一、数据准备
join_d1.c1<int> | join_d1.c2<string> | join_d1.c3<double> | join_d1.c4<string> | |
1 | a | 1.1 | a | |
2 | b | 1.2 | b | |
3 | c | 1.3 | c | |
4 | d | 1.4 | d | |
2 | e | 1.5 | e | |
3 | f | 1.6 | f |
二、查看执行计划
hive> explain select c1,upper(c2) from join_d1 where c3 > '1.2';
OK
STAGE DEPENDENCIES:
Stage-1 is a root stage
Stage-0 depends on stages: Stage-1
STAGE PLANS:
Stage: Stage-1
Map Reduce
Map Operator Tree:
TableScan
alias: join_d1
Statistics: Num rows: 1 Data size: 50 Basic stats: COMPLETE Column stats: NONE
Filter Operator
predicate: (c3 > 1.3) (type: boolean)
Statistics: Num rows: 1 Data size: 50 Basic stats: COMPLETE Column stats: NONE
Select Operator
expressions: c1 (type: int), c2 (type: string)
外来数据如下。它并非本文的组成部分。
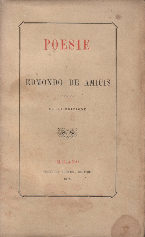 In-16° (cm 16,7x10,3), pp. (4), 275, (1), copertina editoriale con normali segni del tempo (vedi foto). Qualche leggera traccia d'umido, per il resto buon esemplare. Indice. Il figliuolo del cieco (ricordi della campagna); Bontà; La guerra; Preghiera. Ricordi di Spagna: Siviglia; Gelosia; A un'andalusa; Nei sotterranei dell'Escuriale. Ricordi d'Olanda: Paesaggio olandese; L'amore del barcarolo; Nevicata (vicino a Leida). Ricordi d'Affrica: Al Marocco; Nell'accampamento; La carovana sul monte. Ricordi di Costantinopoli: Al pittore Enrico Iunck; A una turca; Sulle carnificine della Bulgaria; All'acque dolci. In casa del curato; Sopra una culla; Grandinata; Nel torrente. Schizzi della vita letteraria: La letterata; Biografia; Il cocciuto; Una visita; L'amico del poeta; La circolazione dei libri; Dopo il teatro; A un giovanetto; Polemica (il figlio al padre); Il toscaneggiante (un piemontese a un toscano). Un ammiratore. Maldicenza letteraria: Crescit eunde; Incoraggiamento. A mia madre; Gli ultimi anni (a Giuseppe Giacosa); Il 20 settembre 1870: Il 20 settembre 1870; Sotto le mura di Roma (prima del 20 settembre). Il 15 ottobre 1877. Quadri e statue: Al pittore Paolo Michetti; Visite alla piccola morta; Il gioiello della vedova; La prima prova; Allo scultore Pietro Costa. Sulla strada ferrata. La pioggia: La pioggia; Alla pioggia. A una furia. Ricordi della campagna: Per un sentiero; Alla terra; Mezzogiorno (in villa); L'ultimo giorno. Sull'aia: Il contadino; La contadina. I due estremi: La morte del mastino (a un poeta verista); Cause ed effetti (a un poeta idealista). Fra cugini (a Michele Lessona); L'amore al tramonto; Al generale Perrone di San Martino, morto nella battaglia di Novara. Maldicenza di villaggio: Sfogo del farmacista; Sfogo della farmacista. A due critici. A tre poeti: All'autore delle "Lacrymae"; A un grande poeta; A un poeta pedante. Invito alla villa (a Enrico Panzacchi). Ricordi della guerra: Gratitudine; Eloquenza; Il bersagliere; Risurrezione. I bimbi: I bimbi; Annunzio di nascita; Sopra il quadernetto d'un bimbo; Ogni mattina. Gli emigranti; All'ospedale. Miserie: Miseria (a un amico); Sopra una casa d'ospizio; Incredibile dieta; Carità alla moda (lettere d'un proprietario); Alla corte d'assise; Il deputato Oibò; Il Creso; Per la veste lilla; A un esploratore dell'Africa; Il mendico; Davanti al palazzo; A un bellimbusto. A un amico; Ricordi d'infanzia; Alla gloria; A mia madre; Lampi tristi; A Firenze; Nel giardino; Come vorrei morire; Piovete, o baci; All'arte; Al libro.

outputColumnNames: _col0, _col1
Statistics: Num rows: 1 Data size: 50 Basic stats: COMPLETE Column stats: NONE
Limit
Number of rows: 10
Statistics: Num rows: 1 Data size: 50 Basic stats: COMPLETE Column stats: NONE
File Output Operator
compressed: false
Statistics: Num rows: 1 Data size: 50 Basic stats: COMPLETE Column stats: NONE
table:
input format: org.apache.hadoop.mapred.TextInputFormat
output format: org.apache.hadoop.hive.ql.io.HiveIgnoreKeyTextOutputFormat
serde: org.apache.hadoop.hive.serde2.lazy.LazySimpleSerDe
Stage: Stage-0
Fetch Operator
limit: 10
Processor Tree:
ListSink
Time taken: 0.041 seconds, Fetched: 35 row(s
三、解析执行计划
注意:HIVE执行引擎,是会根据SQL,进行词法分析,解析,生成AST Tree。再生成QB,生成OperatorTree。进行OperatorTree优化,生成MR
这里,我们关心OperatorTree的执行过程.Operator执行是链式的,可以认为是责任链模式。
首先该SQL,分为两个Stage,
Stage0是FetchTask。是依赖于Stage1的。FetchTask会生成FetchOperator。FetchOperator是读取HDFS每一行数据,再Push到Stage1中。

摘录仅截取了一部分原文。